俺は、扉を開き数メートル前の見えない空間に向かって歩いていった。
後ろは振り返れない、もうあそこには戻ることができない。
数メートルほどあるくと、とこさんが言ったように2種類の彼岸花が何かを表すようにひっそりと咲いていた。
俺は、迷いなく白い彼岸花の方に進んで行った。
歩いてくうちに、段々と体が重くなり自然と瞼が閉じていく。
急激な眠気が襲ってきた。
眠い。とてつもなく眠い。
歩きながら今にも眠りそうだ。
段々と視界が狭まりついには、見えなくなった。
はっとして、目を開くとそこには白い天井が広がっていた。
ここは。。
清潔そうな白いシーツの上で寝転がっていた。
周りは薄い桃色のカーテンで仕切られており、腕には点滴が針を通して繋がっていた。
ぼーっとしていると、誰かの影がカーテンに映った。
影が目の前で止まるとカーテンの隙間から手が入り、ゆっくりと開けられた。
「おぉ、起きたか不破」
そこには、顔馴染みのある職場の先輩がいた。
先輩は、カーテンをめくり来客ようの椅子に腰掛け片手にもっていたビニール袋の中からゼリーとスポーツ飲料を出し俺に渡した。
「あざっす」
俺は、素直に受け取り今の状況を聞くことにした
「俺はなんでこんなとこにいるんすかね」
「お前覚えてないのか」
少し驚いたような言い方をした。
「すいやせん」
軽く頭を下げた。
「昨日の夜お前の太客が来て、浴びるほど酒飲んだだろ。太客が帰ったあとも、ハイペースで酒飲まされてお前コール中に意識飛んでぶっ倒れたんだよ。」
流石の俺もお前死んだかと思ったわ。
先輩はそういってビニール袋から、肉まんを取りだした。
「そうだったんすか」
「お前一回肝臓やってんのに無理し過ぎなんだよ。」
「にゃはは」
「こんなこと俺が言うのも可笑しいが、お前この仕事辞めた方がいいぞ。お前にこの職は確かに天職かもしれない、が、お前はお前の身体が悲鳴をあげてることに気づけてない。」
「そのうち死ぬぞ」
「にゃはは、そっすよねー」
頭を掻きむしりながら笑ってみせる。
先輩は、「はぁー」とため息をし安堵したような表情をみせた。
「やー、なんか、すいません。迷惑かけちゃって」
沈黙を無くすように明るく振る舞う。
「あぁ、気をつけろよ。」
俺は、昔から沈黙が好きじゃなかった。
よくある理由は、気まずいだとかなんだかある。俺が沈黙が嫌いな理由は、家庭にあった。
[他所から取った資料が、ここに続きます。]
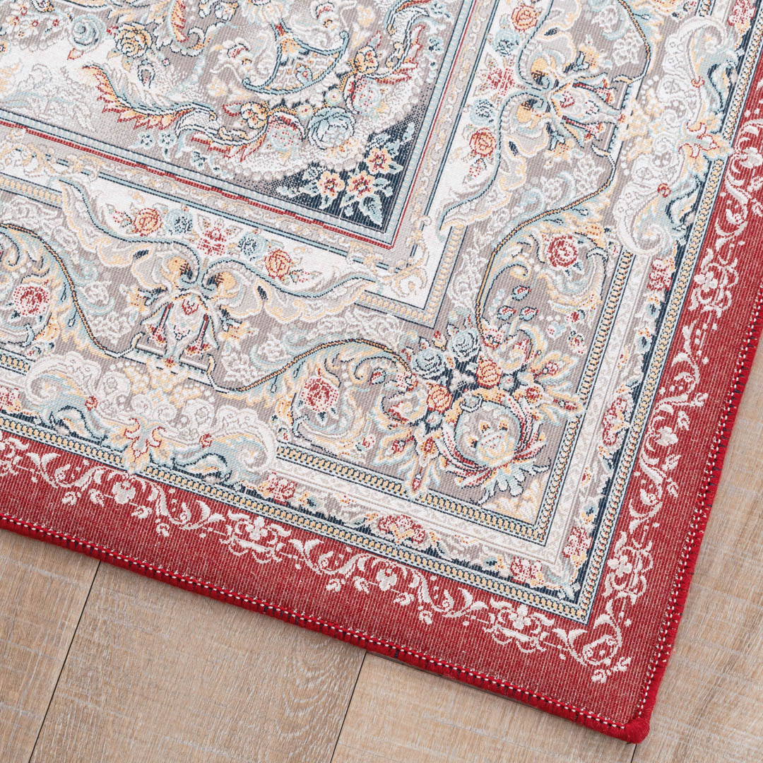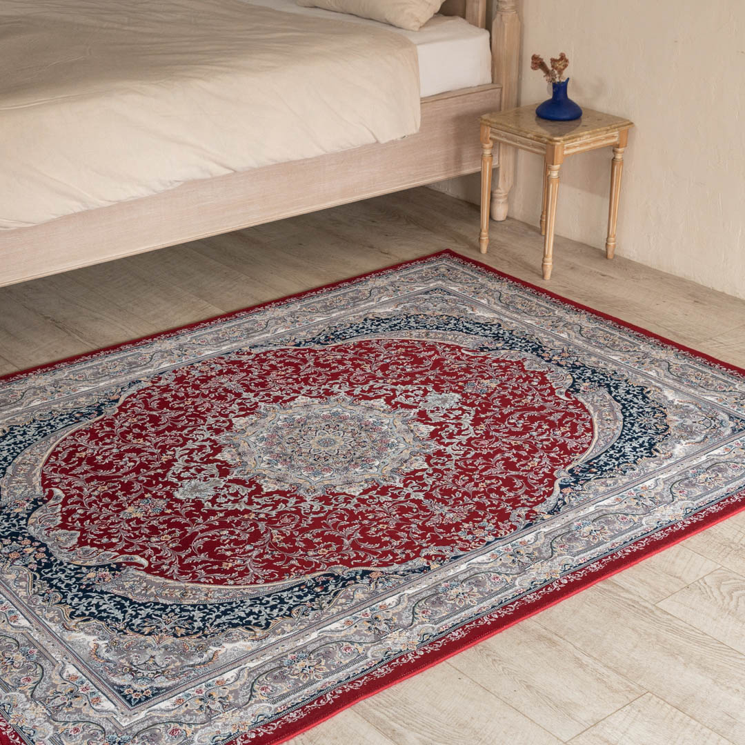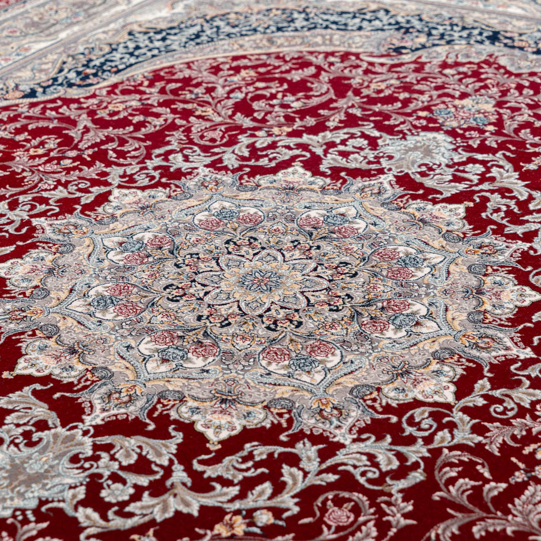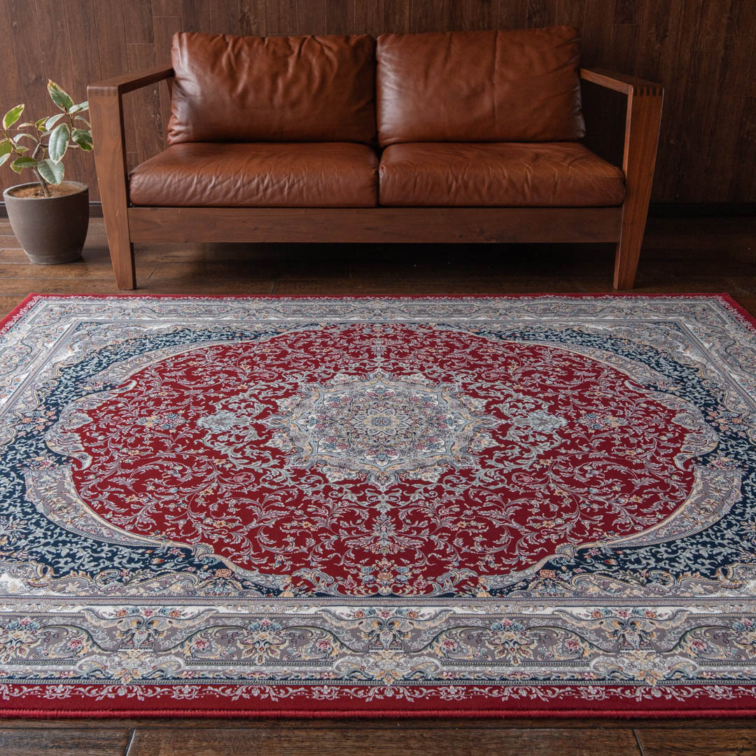 「ナールゴル」とはペルシャ語で「ザクロの花」を意味します。この絨毯のデザインは、中心部分から華やかに広がる有機的な模様を、ザクロの花を彷彿とさせるレッドが上品に引き立てています。特殊な技術により、花の模様が浮き上がり、立体感を演出しています。メダリオン柄がペルシャ絨毯らしいクラシックデザインを際立たせ、お部屋を華やかで上品に彩ります。
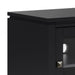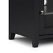- Features two (2) sliding tempered glass doors that open to a cabinet with two (2) adjustable shelves
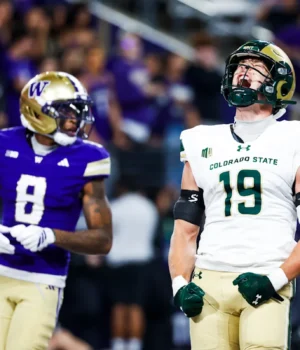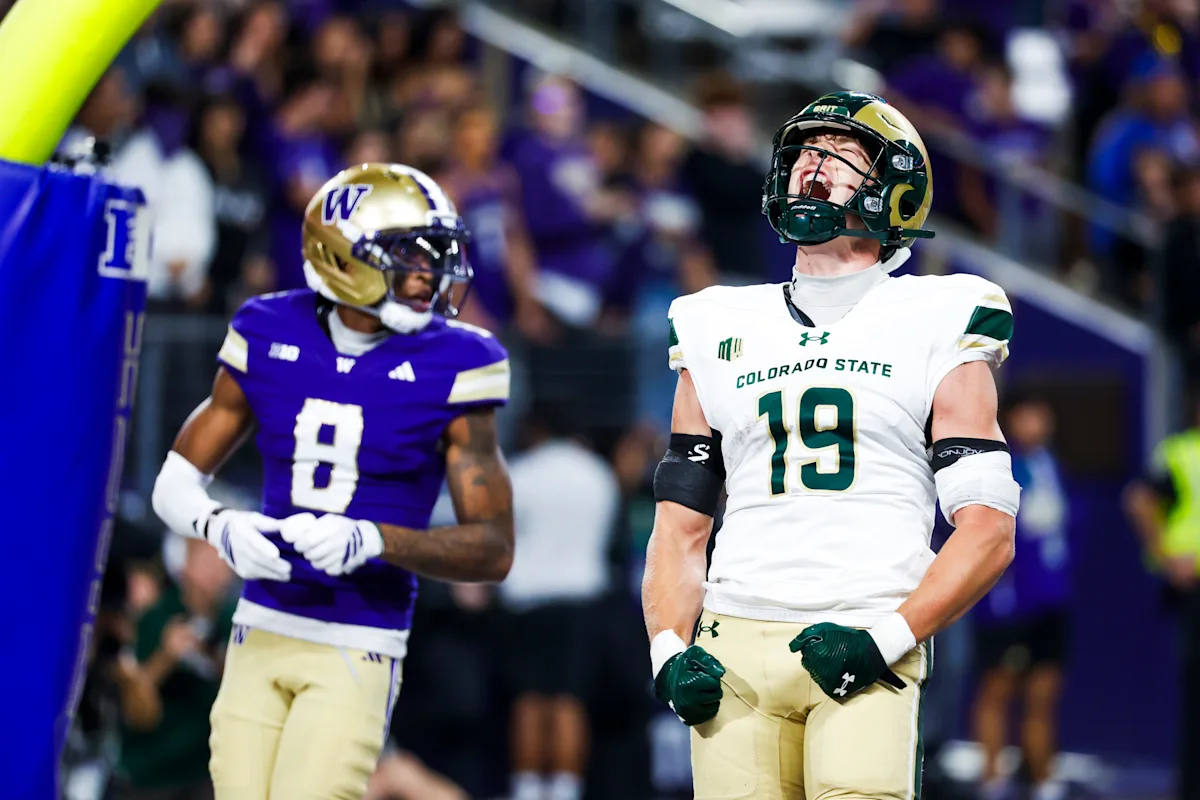 30 de agosto de 2025; Seattle, Washington, EUA; O tight end do Colorado State Rams, Jackson Warren (19), reage após receber um passe para touchdown contra o Washington Huskies no terceiro quarto no Husky Stadium. Crédito obrigatório: Imagem de Joe Nicholson-Imagon
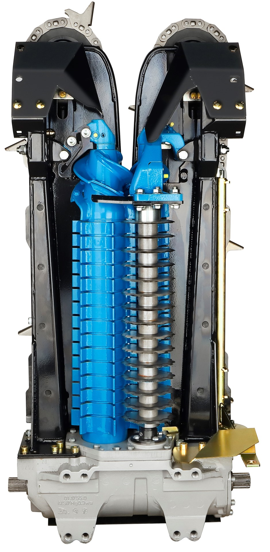 Two snapping rolls pull in the stalks, with deck plates stripping off the cobs. The stover is chopped by the cutter rotor which is fitted with 15 rotary knives. The cutting and fraying action is even more efficient as the rotor revolves against the feeding direction.

幼い頃、両親の仲が良くない時があった。俺は、子供ながらに何となく察していた。
2人の仲を保つために、必死に空気を変えようと話し続けた。
「なにかしなきゃ」
そう思ってきた。
だから、沈黙になると「なにかしなければ」という気持ちが出てきてしまう。
それにしても、あの奇妙な夢。
なんだったんだろう。
確かにあれは夢だった。現に今俺はこの名前も知らない病院のベットの上にいる。
なんだか、妙に現実味のある夢だった。
彼女にオススメされた珈琲の味も覚えている。
しかし、不思議なことに聞いたはずの彼女の名前、見たはずの顔が全く思い出せない。
ぼんやりと頭にもやがかかったように、あの時のことが途切れ途切れにわからなくなっている。
もしかしたら。。
なんて、そんなことあるはずがない。
でも、あの夢のおかげでなんとなく光が見えた気がした。
「先輩」
前を向きながら先輩を呼ぶ。
「なんだ」
先輩が肉まんを食べながら、俺に顔を向ける。
「俺、この仕事辞めようと思います」
先輩の方に向き直り、はっきりと言葉にした。
迷いのない決心した言葉、きっと先輩にも伝わったのだろう。
先輩は、少し目を伏せた。
「…そうか」
「止めないんですか」
先輩が足を組み、前を見る。
「あぁ。お前の人生だ俺にそれを止める権利はない」
「そう、すか」
「辞めた方がいいと言っておきながら、お前がいなくなると思うと寂しくなるな」
「今までありがとうございました」
座りながら深々と頭を下げる。
先輩には、かなりお世話になった。
夜の世界などなにも知らない、ただの若者に手取り足取り教えこみ、メンズメイクなどの身なりやトーク術まで仕立てあげてもらい、トップ3にまで育て上げてもらった。
「店長には、ちゃんと直接会って伝えろよ」
そう言って、先輩は座っていた椅子から立ち上がると、ビニール袋に肉まんのゴミを入れ、タバコを吸う仕草をした。
「はい、ちゃんと伝えてきます」
「おう、元気でな。たまには、顔出しに来いよ」
先輩がカーテンを開ける。
「絶対行って先輩に接客してもらいますよ、また連絡します。」
「ははっ、上等だ。極上の接客してやんよ。舐めんなよNO.1」
そう言って笑顔でカーテンを閉め、影とともにどこかに消えていった。
どことなく俺には、先輩の目が少し潤んでいるようにも見えた。
「んー、さぁ、何から始めるかな」
病室の窓から久々に見た空は、いつも以上に青く清々しく見えた。
スマホには、「新人ライバー募集」の通知がきていた。
ーーーーー
作者 黒猫🐈⬛
作品 「まいどおおきに」
※無断転載等お控えください
※この物語はご本人様と関係ありません
※改善点、感想などは、コメント欄にお願いします
この物語は、短編となります。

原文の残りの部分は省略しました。